The filtered Quotebank years are ready. The next step consists of integrating speaker attributes from our additional data set.

### 3.1 Explore attributes
<a id="explore_attr"></a>


We explore the speakers dataset.

In [None]:
# Load speaker attributes in df
speakers_df = pd.read_parquet(SPEAKER_ATTRIBUTES_PATH)
speakers_df.head()

Unnamed: 0,aliases,date_of_birth,nationality,gender,lastrevid,ethnic_group,US_congress_bio_ID,occupation,party,academic_degree,id,label,candidacy,type,religion
0,"[Washington, President Washington, G. Washingt...",[+1732-02-22T00:00:00Z],"[Q161885, Q30]",[Q6581097],1395141751,,W000178,"[Q82955, Q189290, Q131512, Q1734662, Q294126, ...",[Q327591],,Q23,George Washington,"[Q698073, Q697949]",item,[Q682443]
1,"[Douglas Noel Adams, Douglas Noël Adams, Dougl...",[+1952-03-11T00:00:00Z],[Q145],[Q6581097],1395737157,[Q7994501],,"[Q214917, Q28389, Q6625963, Q4853732, Q1884422...",,,Q42,Douglas Adams,,item,
2,"[Paul Marie Ghislain Otlet, Paul Marie Otlet]",[+1868-08-23T00:00:00Z],[Q31],[Q6581097],1380367296,,,"[Q36180, Q40348, Q182436, Q1265807, Q205375, Q...",,,Q1868,Paul Otlet,,item,
3,"[George Walker Bush, Bush Jr., Dubya, GWB, Bus...",[+1946-07-06T00:00:00Z],[Q30],[Q6581097],1395142029,,,"[Q82955, Q15982858, Q18814623, Q1028181, Q1408...",[Q29468],,Q207,George W. Bush,"[Q327959, Q464075, Q3586276, Q4450587]",item,"[Q329646, Q682443, Q33203]"
4,"[Velázquez, Diego Rodríguez de Silva y Velázqu...",[+1599-06-06T00:00:00Z],[Q29],[Q6581097],1391704596,,,[Q1028181],,,Q297,Diego Velázquez,,item,


Let us first check for duplicates. There seem to be none.

In [None]:
# Duplicates
duplicates = speakers_df[speakers_df.duplicated(subset='id', keep='first')] 
duplicates.head()

Unnamed: 0,aliases,date_of_birth,nationality,gender,lastrevid,ethnic_group,US_congress_bio_ID,occupation,party,academic_degree,id,label,candidacy,type,religion


We are mostly interested in the column gender. But let us see which ones we could keep. How many 'None' values do we have?

In [None]:
# Fraction of lines with 'None' values:
print('gender: ' + str(speakers_df[speakers_df.gender.isnull()].size / speakers_df.size))
print('nationality: ' + str(speakers_df[speakers_df.nationality.isnull()].size / speakers_df.size))
print('occupation: ' + str(speakers_df[speakers_df.occupation.isnull()].size / speakers_df.size))
print('academic_degree: ' + str(speakers_df[speakers_df.academic_degree.isnull()].size / speakers_df.size))
print('ethnic_group: ' + str(speakers_df[speakers_df.ethnic_group.isnull()].size / speakers_df.size))
print('religion ' + str(speakers_df[speakers_df.religion.isnull()].size / speakers_df.size))

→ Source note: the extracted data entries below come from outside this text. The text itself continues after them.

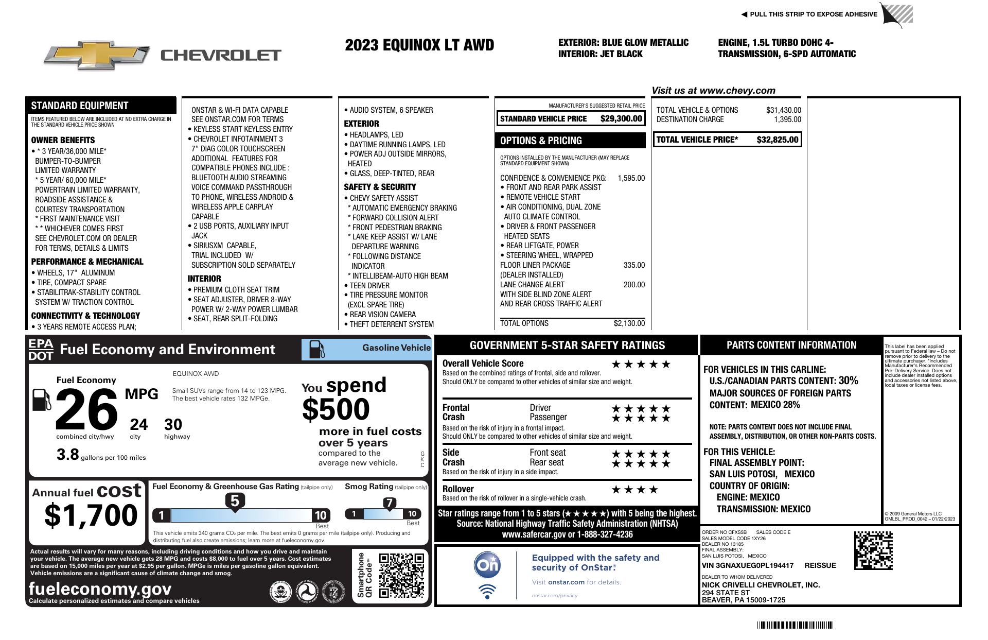 Turn heads in the 2023 Chevrolet Equinox LT—striking Blue exterior with a refined Black leather interior. This compact SUV pairs confident AWD capability and full stability/traction controls with comprehensive safety (multiple airbags, child locks and vehicle anti-theft) for everyday peace of mind. Enjoy comfort and convenience with heated front seats, a heated leather-wrapped steering wheel, dual-zone climate control, power-adjustable seats and keyless entry with remote start/climate control—plus a premium AM/FM system with subwoofer for your drive. Backed by Chevy’s warranties and seating for five, it’s a stylish, well-equipped package—come test-drive one today.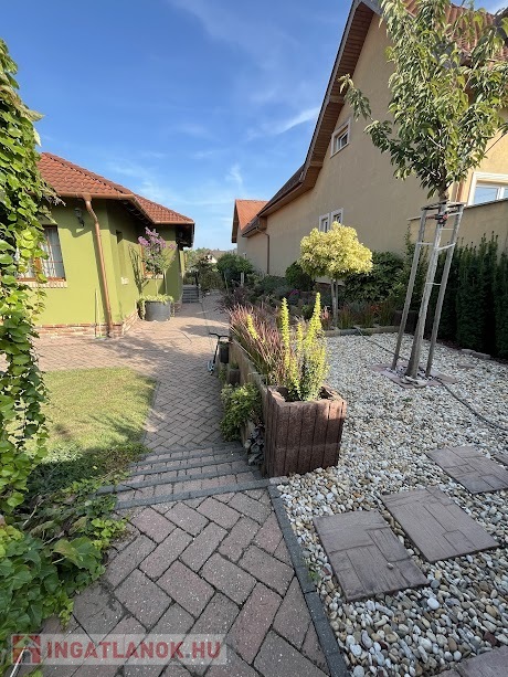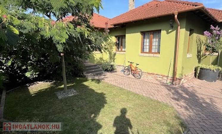 Az ingatlan aszfaltozott közútkapcsolattal rendelkezik, az utcakép rendezett. A 800m2, téglalap alakú teljesen parkosított, kerített telken áll egy oldalhatáros elrendezéssel, hagyományos építési technológiával kivitelezett egyszintes családi ház. Az ingatlan kitűnő állapotban van, rendezett, karbantartott. A telken található még egy kerti szaletli. Az ingatlan összközműves.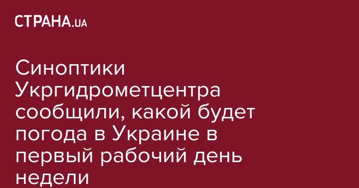 Синоптики Укргидрометцентра сообщили, какой будет погода в Украине в первый рабочий день недели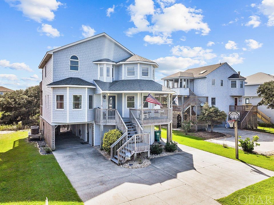 Great Ocean Views from top sun deck, screen porch, ships watch tower & kitchen. The Owners have done everything for you. Just move in or rent right away. Located in the heart of Crown Point Community with pool & tennis court. Kitchen as been remodeled with granite counter tops & custom cabinets, + Mannington Adura luxury flooring. All new Life Proof water & stain resistant flooring, New carpet on staircase & ensuite. The upper level 1 is open floorplan, vaulted ceiling, gas fireplace, kitchen, dining, guest bath & Master ensuite with private bath. Access to the Ships Watch is off the living area. Enjoy relaxing Ocean Views on sun deck & screen porch with hot tub off this area as well. Mid level boosts 4 large BR's with remodeled bathroom. On lower level is the 6th BR with remodeled full bath. An additional game room/gathering room with refrigerator. Home backs to open area & path to the beach. Multi-use path connects to walking, biking & shops, restaurants.
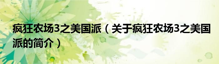 本文關于瘋狂農場3之美國派的簡介就講解完畢,希望對大家有所幫助。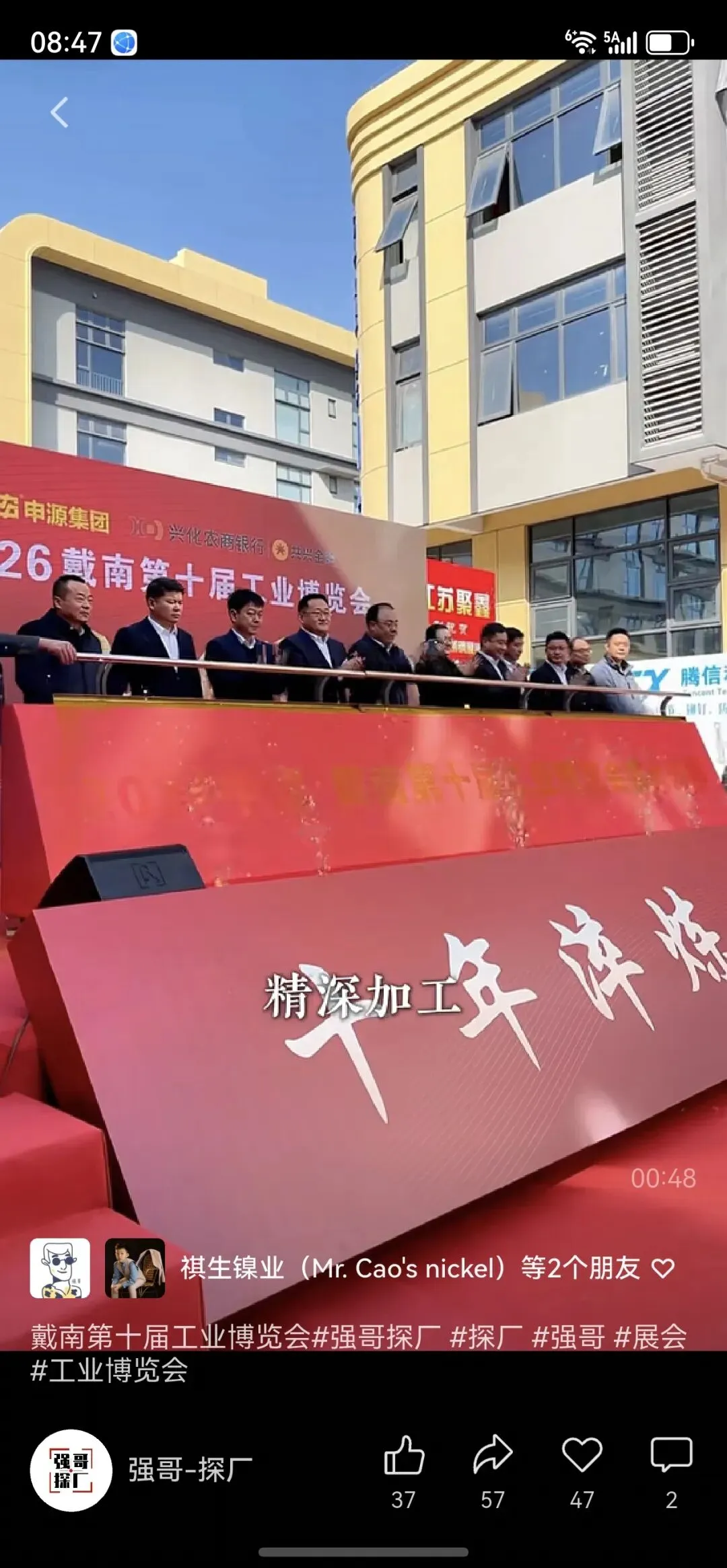 2 月 20日,马年新春正月初四,第十届戴南工业博览会正式开幕。根据 “强哥-探厂” 视频报道,展出面筋8000平方米,集中展示了不锈钢等各种产品与设备。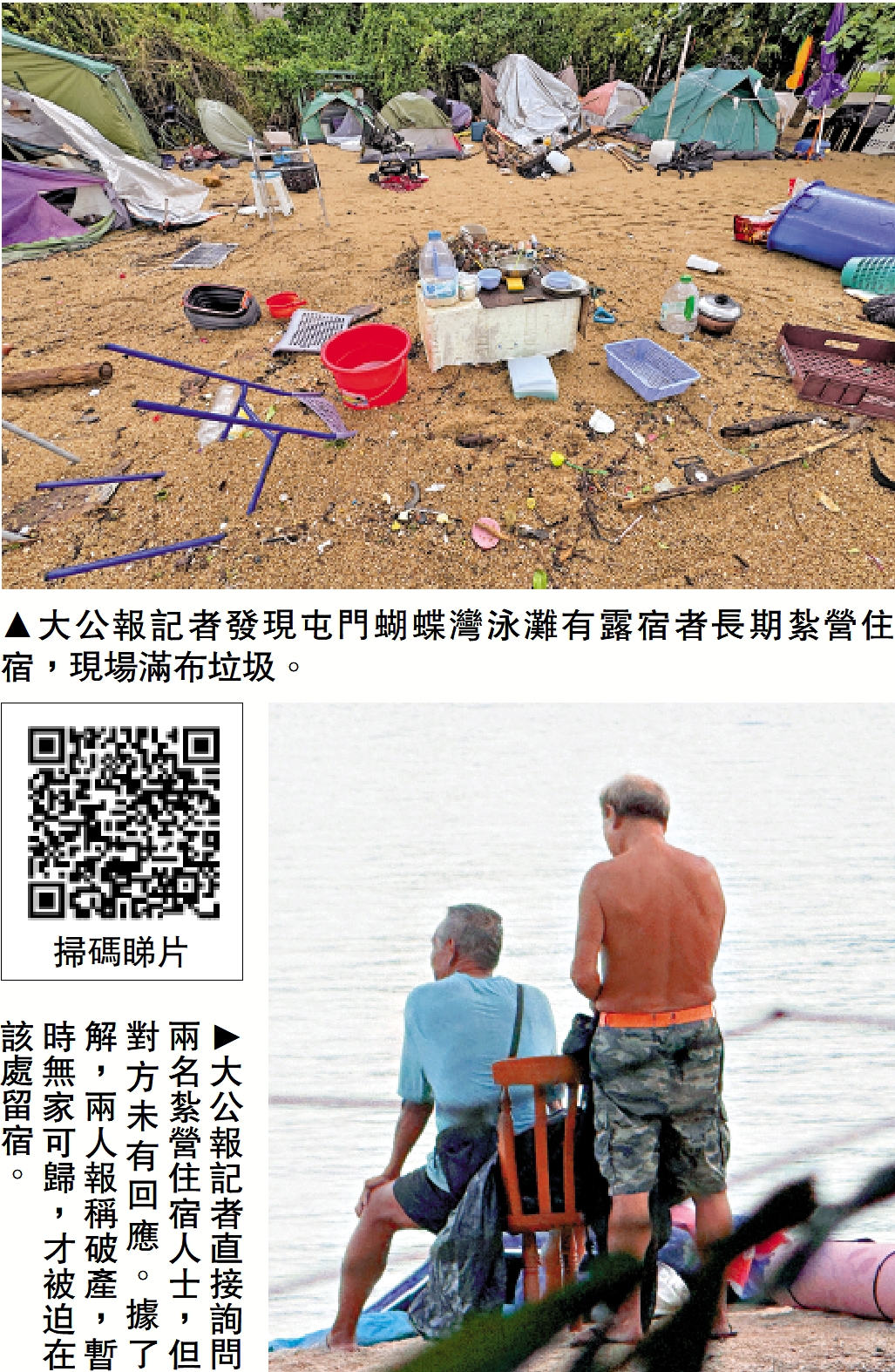 屯門蝴蝶灣泳灘位於龍門路,是區內第二長海岸線的泳灘,吸引不少泳客清晨前來游水,不少旅客假日也會到此暢泳消遣。泳灘範圍由康文署負責管理,已豎立告示牌,提示任何人不得在泳灘內紮營住宿,但兩名露宿者仍然視若無睹,持續多年在該處紮營。據了解,涉事位置屬於天然沙灘,管理上存在「灰色地帶」,並不屬於康文署管理範圍,因而較難執法。

gender: 0.21536937853557775
nationality: 0.5896797928352544
occupation: 0.29625691573337004
academic_degree: 0.9889581261268106
ethnic_group: 0.9856023328670853
religion 0.9783254845609769


Unfortunately we have to drop all attributes appart from gender, nationality and occupation. All the other ones have more than 98% 'None' values.

In [None]:
# Keep the columns gender, nationality and occupation
speakers_df = speakers_df[['id', 'gender', 'nationality', 'occupation']]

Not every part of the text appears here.